● **How to complete this task**
Once the pictures are set aside, output all the records exactly.
Segment Start: Records shown
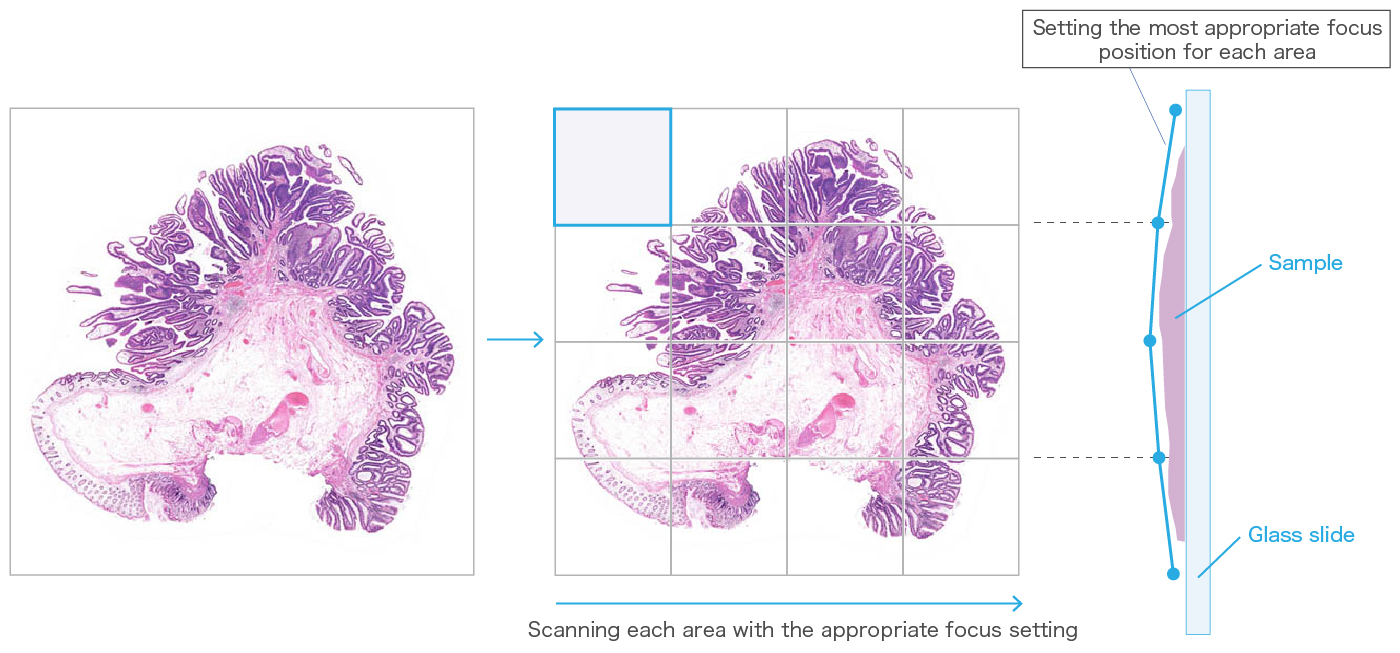 NDP.scan can adjust the focus as though it were tracing the sample surface. The NanoZoomer series uses a single focal plane for even surfaces, but if the surface of a sample is uneven, the NanoZoomer series will break the sample area up into smaller regions and assign an appropriate focal plane to each area.
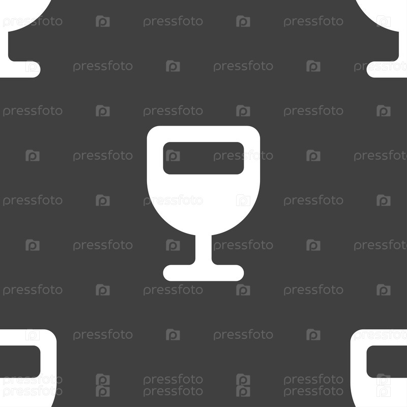 Бокал вина, алкоголя напиток значок знак. Бесшовный узор на сером фоне. Вектор
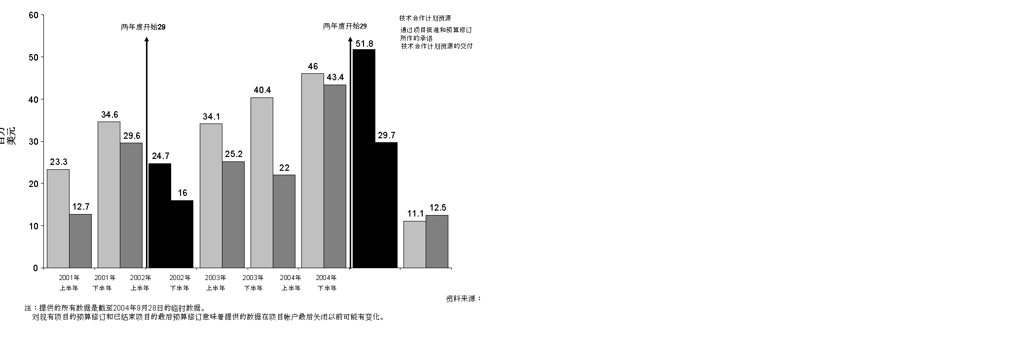 9. 按照大会决议6/2001用于一次性支出拖欠款交付的分配方面,在从2003年结转的4140万美元中,2004年头六个月已经支出540万美元,尚有3600万美元的余额可供本两年度剩余时间使用。
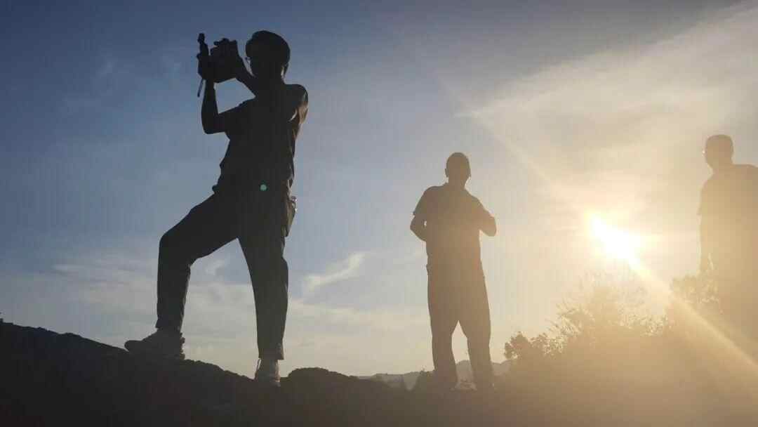我们是下午从刘国玉先生惜斋出来后到的这里。停车,沿泥路一直往山上走,路越走越难,披荒榛,拂荆棘,驱蛇蚁,惊秋蝉,终于登顶,来到一处高地,豁然开朗,群山万壑,暑气蒸腾。陈德道说,这就是要带你们来看的“高士部落”。因是从高处往下看,效果不佳,遂转他处。
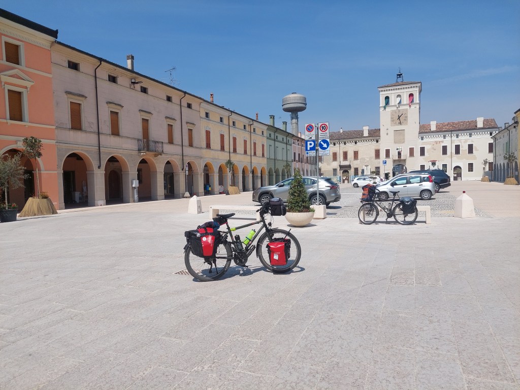 Arrêt repas dans un square à Solarolo petit village en bord de route, quelques cyclistes aussi discutent, puis d’autres m’intriguent en venant remplir des bouteilles auprès d’un distributeur, il s’agit d’une moderne fontaine à eau réfrigérée, par portion de 50 cl, on peut même avoir de l’eau gazeuse (frizzante), ce que me suis permis pour remplir mon bidon.
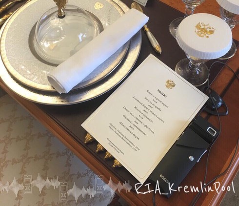 Theo tờ RT, bữa tối của hai nhà lãnh đạo diễn ra tại Cung điện Konstantinovsky, Saint Petersburg. Thực đơn của bữa ăn gồm nhiều món ngon đặc trưng của Nga gồm bánh kếp với trứng cá muối đen, súp củ cải đường với pho mát dê - món ăn người Pháp rất ưa thích, bít tết cá tầm rau thì là và thịt nai hầm atiso.
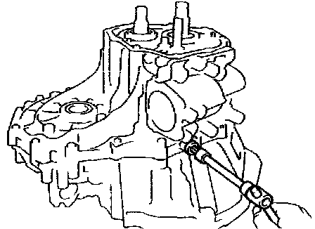 NOTICE: When driving out the bushing, be careful not to damage the transmission case by the socket wrench.
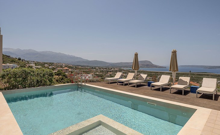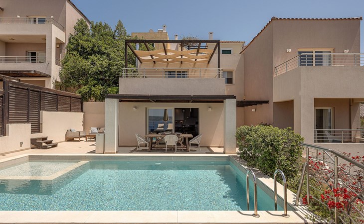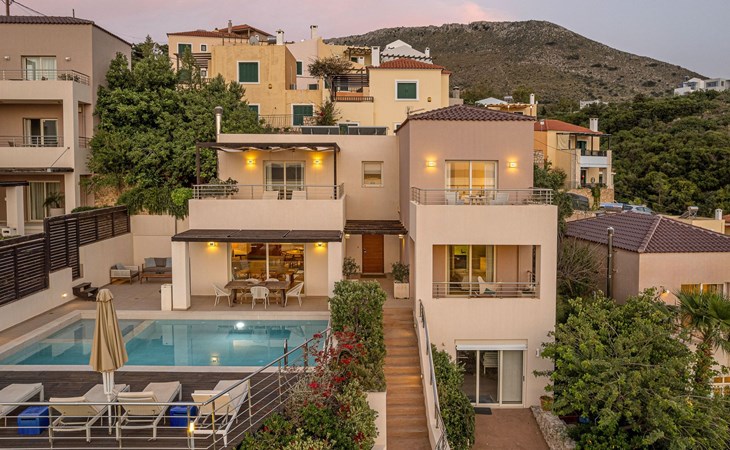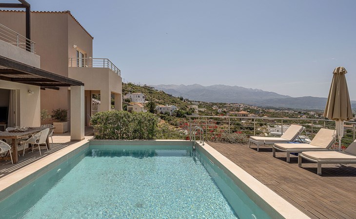 Erleben Sie einen atemberaubenden Blick auf das Meer und den Sonnenuntergang von dieser modernen Luxusvilla in Kokkinon Khorion, Chania. Nur 2 km vom kristallklaren kretischen Meer entfernt, bietet dieses stilvolle zweistöckige Haus 3 Schlafzimmer mit eigenem Bad, einen privaten Pool und ein geräumiges Innen- und Außenleben - perfekt für Familien oder Gruppen, die Komfort und Privatsphäre suchen.
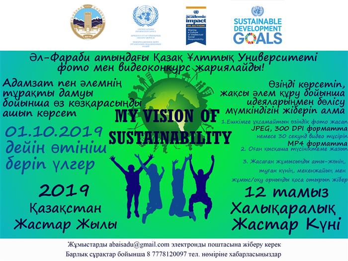 ҚазҰУ-дың Жастар күнін мерекелеу аясында «My vision of Sustainability» фото және бейне бақылауы жарияланды. Конкурстық жұмыстардың тақырыптары БҰҰ-ның кедейлікті жоюға, ғаламшардың ресурстарын сақтауға және әл-ауқатты қамтамасыз етуге, сондай-ақ жастар саясаты мен оның негізгі аспектілеріне бағытталған тұрақты дамудың 17 мақсаттарының бағдарламасына арналуы тиіс.
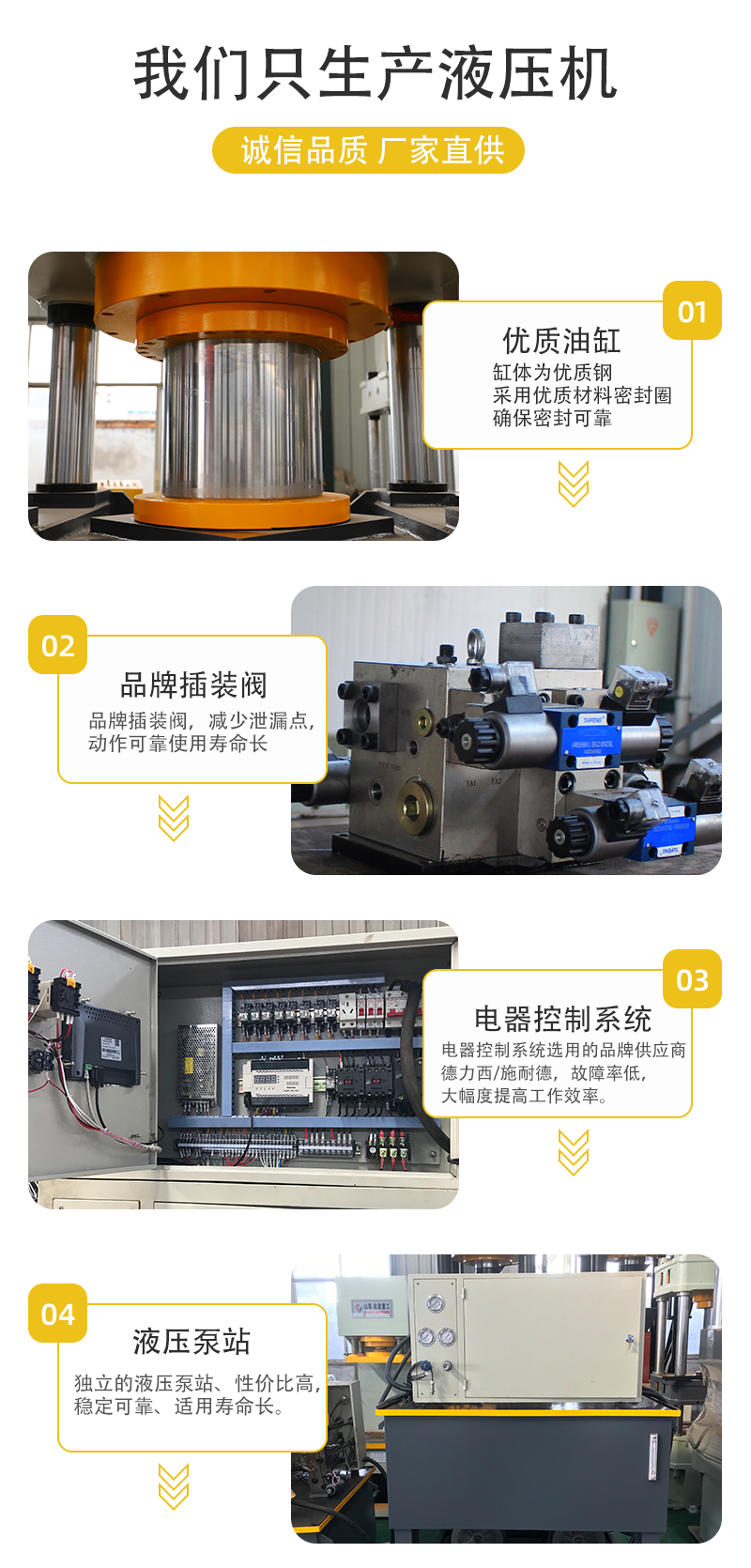 6、采用先进的插装阀,结构紧凑,减少了管路连接,提高了系统的密封性,减少渗漏
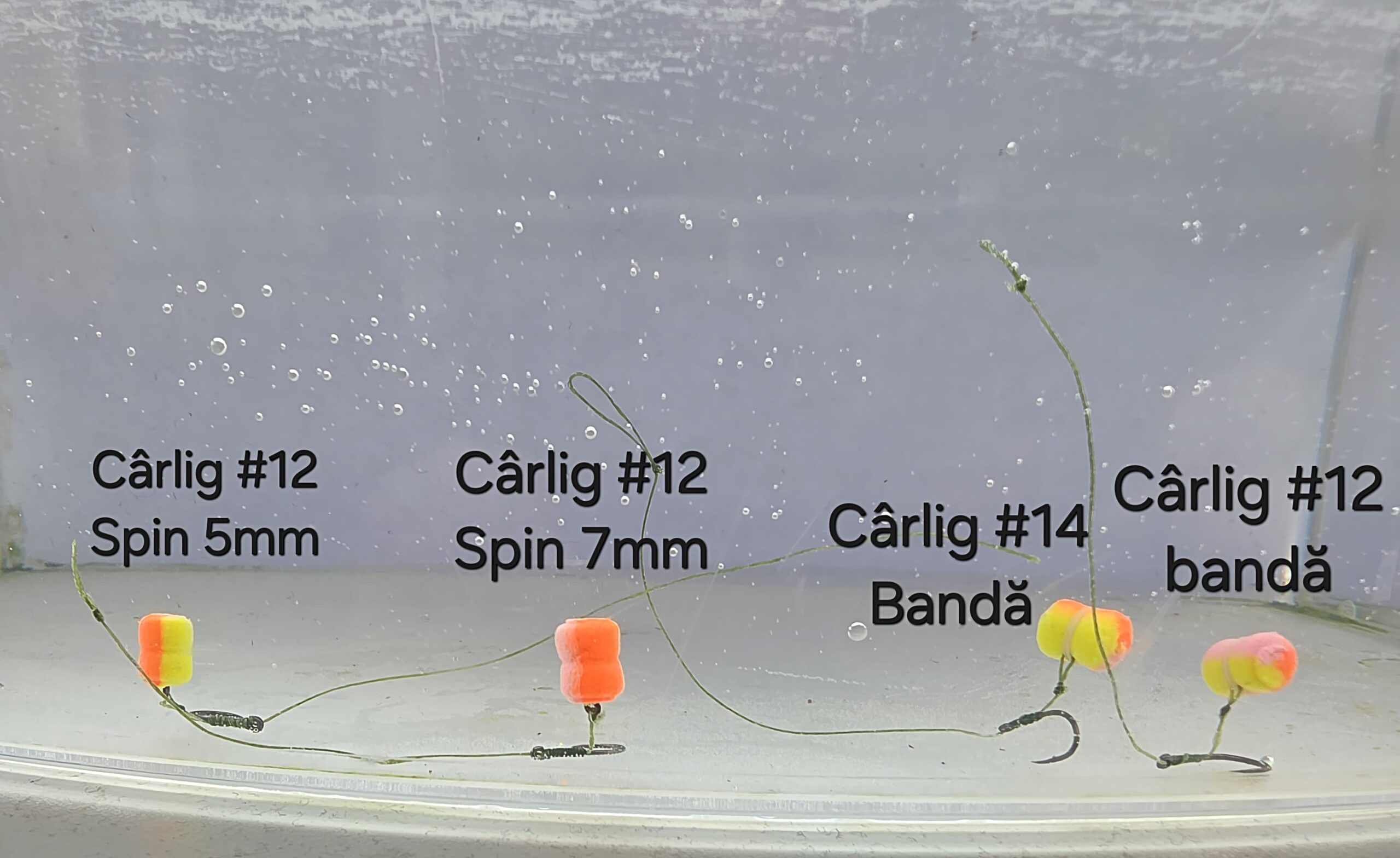 Ca si arome, am combinat gustul dulce al ananasului si al bananei si l-am asezonat cu putin acid n-butyric, care a dat rezultate foarte bune, in special in perioada calda. Se echilibreaza perfect cu carlige marimea 12 si 14, atat pe banda cat si pe spin de 5 mm si 7 mm. Se pot folosi cu aproape orice carlig, dar nu mai mic de marimea 14 si in functie de cum doriti sa se prezinte montura.
Segment End: Records shown
● **Task solution**
 NDP.scan can adjust the focus as though it were tracing the sample surface. The NanoZoomer series uses a single focal plane for even surfaces, but if the surface of a sample is uneven, the NanoZoomer series will break the sample area up into smaller regions and assign an appropriate focal plane to each area.
 Бокал вина, алкоголя напиток значок знак. Бесшовный узор на сером фоне. Вектор
 9. 按照大会决议6/2001用于一次性支出拖欠款交付的分配方面,在从2003年结转的4140万美元中,2004年头六个月已经支出540万美元,尚有3600万美元的余额可供本两年度剩余时间使用。
我们是下午从刘国玉先生惜斋出来后到的这里。停车,沿泥路一直往山上走,路越走越难,披荒榛,拂荆棘,驱蛇蚁,惊秋蝉,终于登顶,来到一处高地,豁然开朗,群山万壑,暑气蒸腾。陈德道说,这就是要带你们来看的“高士部落”。因是从高处往下看,效果不佳,遂转他处。
 Arrêt repas dans un square à Solarolo petit village en bord de route, quelques cyclistes aussi discutent, puis d’autres m’intriguent en venant remplir des bouteilles auprès d’un distributeur, il s’agit d’une moderne fontaine à eau réfrigérée, par portion de 50 cl, on peut même avoir de l’eau gazeuse (frizzante), ce que me suis permis pour remplir mon bidon.
 Theo tờ RT, bữa tối của hai nhà lãnh đạo diễn ra tại Cung điện Konstantinovsky, Saint Petersburg. Thực đơn của bữa ăn gồm nhiều món ngon đặc trưng của Nga gồm bánh kếp với trứng cá muối đen, súp củ cải đường với pho mát dê - món ăn người Pháp rất ưa thích, bít tết cá tầm rau thì là và thịt nai hầm atiso.
 NOTICE: When driving out the bushing, be careful not to damage the transmission case by the socket wrench.
 Erleben Sie einen atemberaubenden Blick auf das Meer und den Sonnenuntergang von dieser modernen Luxusvilla in Kokkinon Khorion, Chania. Nur 2 km vom kristallklaren kretischen Meer entfernt, bietet dieses stilvolle zweistöckige Haus 3 Schlafzimmer mit eigenem Bad, einen privaten Pool und ein geräumiges Innen- und Außenleben - perfekt für Familien oder Gruppen, die Komfort und Privatsphäre suchen.
 ҚазҰУ-дың Жастар күнін мерекелеу аясында «My vision of Sustainability» фото және бейне бақылауы жарияланды. Конкурстық жұмыстардың тақырыптары БҰҰ-ның кедейлікті жоюға, ғаламшардың ресурстарын сақтауға және әл-ауқатты қамтамасыз етуге, сондай-ақ жастар саясаты мен оның негізгі аспектілеріне бағытталған тұрақты дамудың 17 мақсаттарының бағдарламасына арналуы тиіс.
 6、采用先进的插装阀,结构紧凑,减少了管路连接,提高了系统的密封性,减少渗漏
 Ca si arome, am combinat gustul dulce al ananasului si al bananei si l-am asezonat cu putin acid n-butyric, care a dat rezultate foarte bune, in special in perioada calda. Se echilibreaza perfect cu carlige marimea 12 si 14, atat pe banda cat si pe spin de 5 mm si 7 mm. Se pot folosi cu aproape orice carlig, dar nu mai mic de marimea 14 si in functie de cum doriti sa se prezinte montura.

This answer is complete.